→ **Source data**
══════════

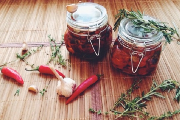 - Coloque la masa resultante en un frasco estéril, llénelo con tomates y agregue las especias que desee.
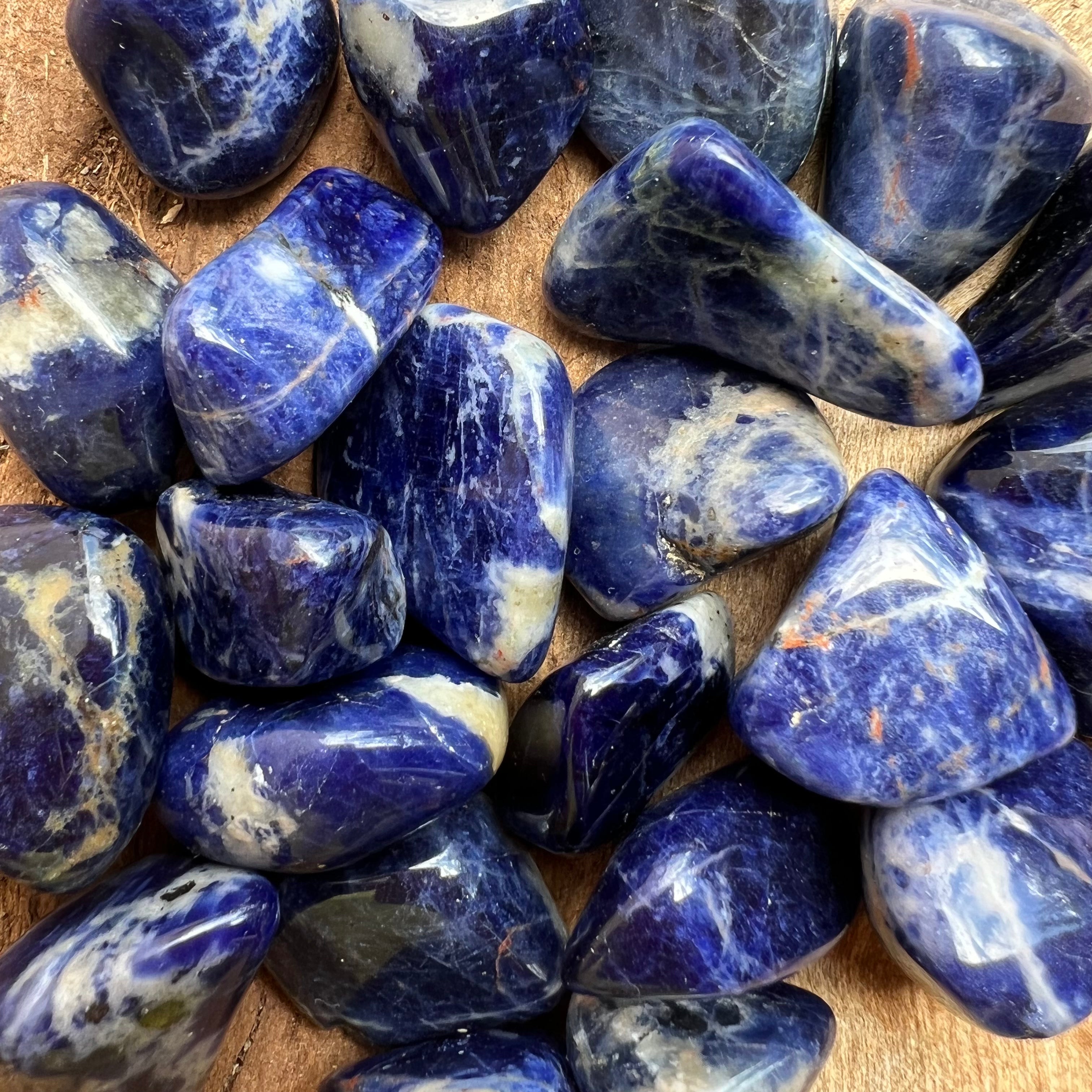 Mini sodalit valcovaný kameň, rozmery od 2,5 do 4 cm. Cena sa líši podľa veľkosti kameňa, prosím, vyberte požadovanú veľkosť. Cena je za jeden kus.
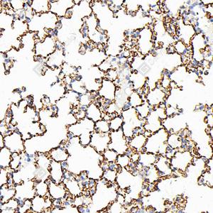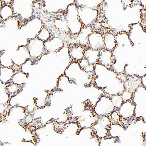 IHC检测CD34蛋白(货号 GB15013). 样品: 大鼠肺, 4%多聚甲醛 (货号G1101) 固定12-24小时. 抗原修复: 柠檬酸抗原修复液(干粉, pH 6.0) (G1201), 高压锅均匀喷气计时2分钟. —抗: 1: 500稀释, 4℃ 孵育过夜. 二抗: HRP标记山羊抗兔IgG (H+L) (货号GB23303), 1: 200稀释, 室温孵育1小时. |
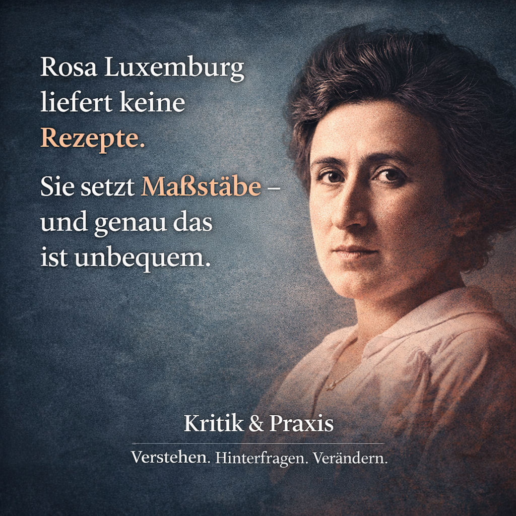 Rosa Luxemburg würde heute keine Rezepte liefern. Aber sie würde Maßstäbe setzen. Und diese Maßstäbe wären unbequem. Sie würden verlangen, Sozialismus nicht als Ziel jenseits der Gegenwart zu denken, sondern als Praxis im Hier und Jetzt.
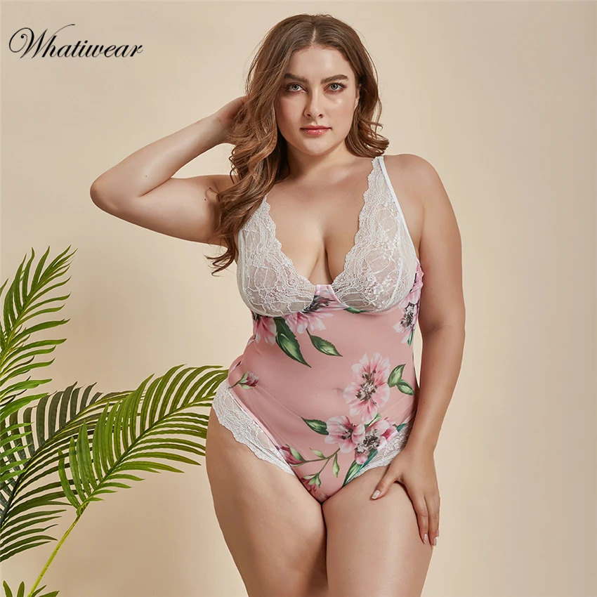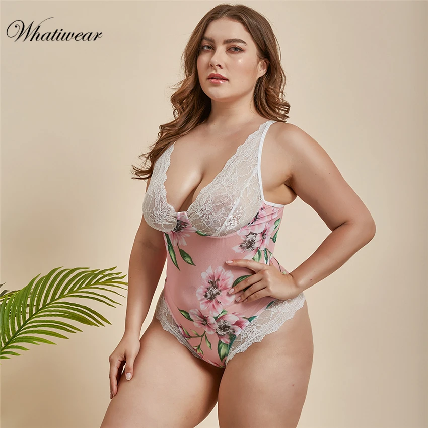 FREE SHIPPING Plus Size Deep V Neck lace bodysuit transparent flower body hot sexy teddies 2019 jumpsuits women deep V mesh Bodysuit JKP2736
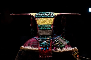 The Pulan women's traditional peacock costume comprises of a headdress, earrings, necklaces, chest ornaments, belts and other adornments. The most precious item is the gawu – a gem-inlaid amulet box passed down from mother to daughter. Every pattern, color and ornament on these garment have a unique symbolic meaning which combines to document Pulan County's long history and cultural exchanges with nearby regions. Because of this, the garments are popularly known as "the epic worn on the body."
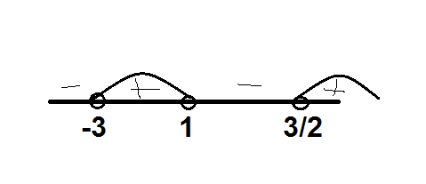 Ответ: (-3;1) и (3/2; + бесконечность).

══════════

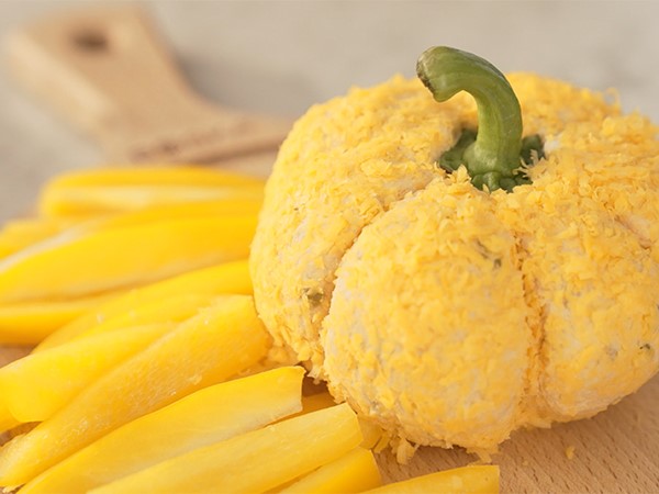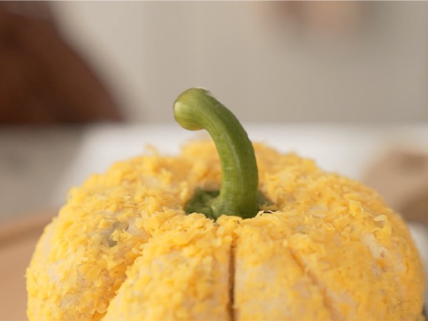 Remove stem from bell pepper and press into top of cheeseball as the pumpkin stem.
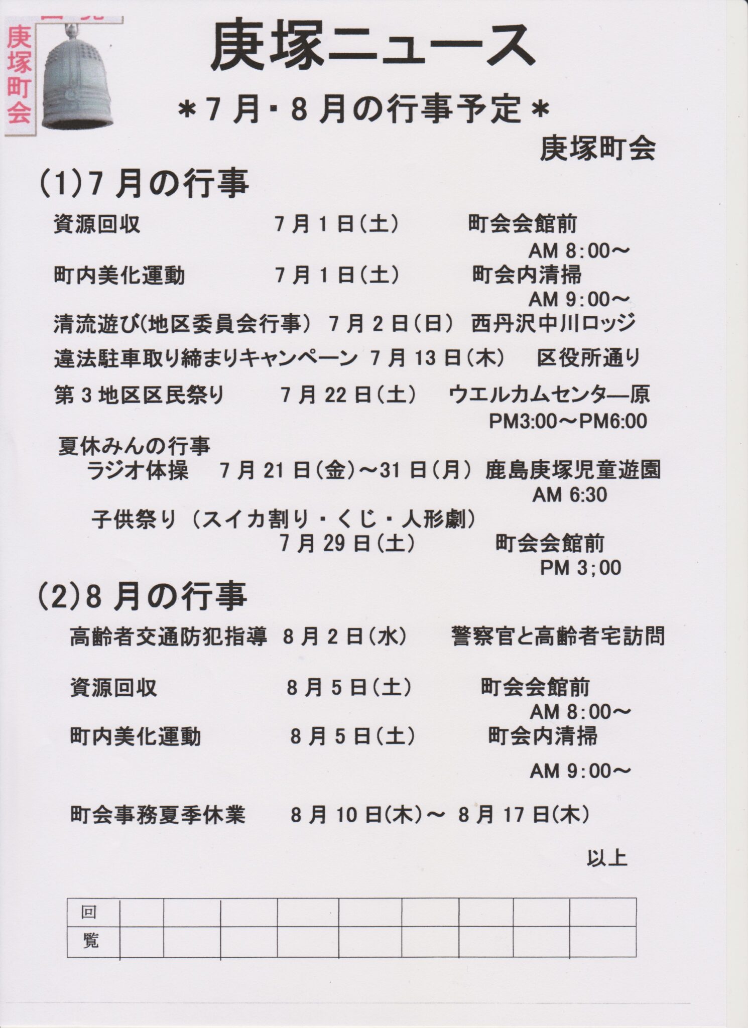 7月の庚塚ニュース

══════════

→ **Task prompt**
Reproduce, word for word, everything in the listing above from the line containing "- Coloque la" down to the line containing "Rosa Luxemburg würde", both of them included. No pictures.

→ **Output**
 - Coloque la masa resultante en un frasco estéril, llénelo con tomates y agregue las especias que desee.
 Mini sodalit valcovaný kameň, rozmery od 2,5 do 4 cm. Cena sa líši podľa veľkosti kameňa, prosím, vyberte požadovanú veľkosť. Cena je za jeden kus.
 IHC检测CD34蛋白(货号 GB15013). 样品: 大鼠肺, 4%多聚甲醛 (货号G1101) 固定12-24小时. 抗原修复: 柠檬酸抗原修复液(干粉, pH 6.0) (G1201), 高压锅均匀喷气计时2分钟. —抗: 1: 500稀释, 4℃ 孵育过夜. 二抗: HRP标记山羊抗兔IgG (H+L) (货号GB23303), 1: 200稀释, 室温孵育1小时. |
 Rosa Luxemburg würde heute keine Rezepte liefern. Aber sie würde Maßstäbe setzen. Und diese Maßstäbe wären unbequem. Sie würden verlangen, Sozialismus nicht als Ziel jenseits der Gegenwart zu denken, sondern als Praxis im Hier und Jetzt.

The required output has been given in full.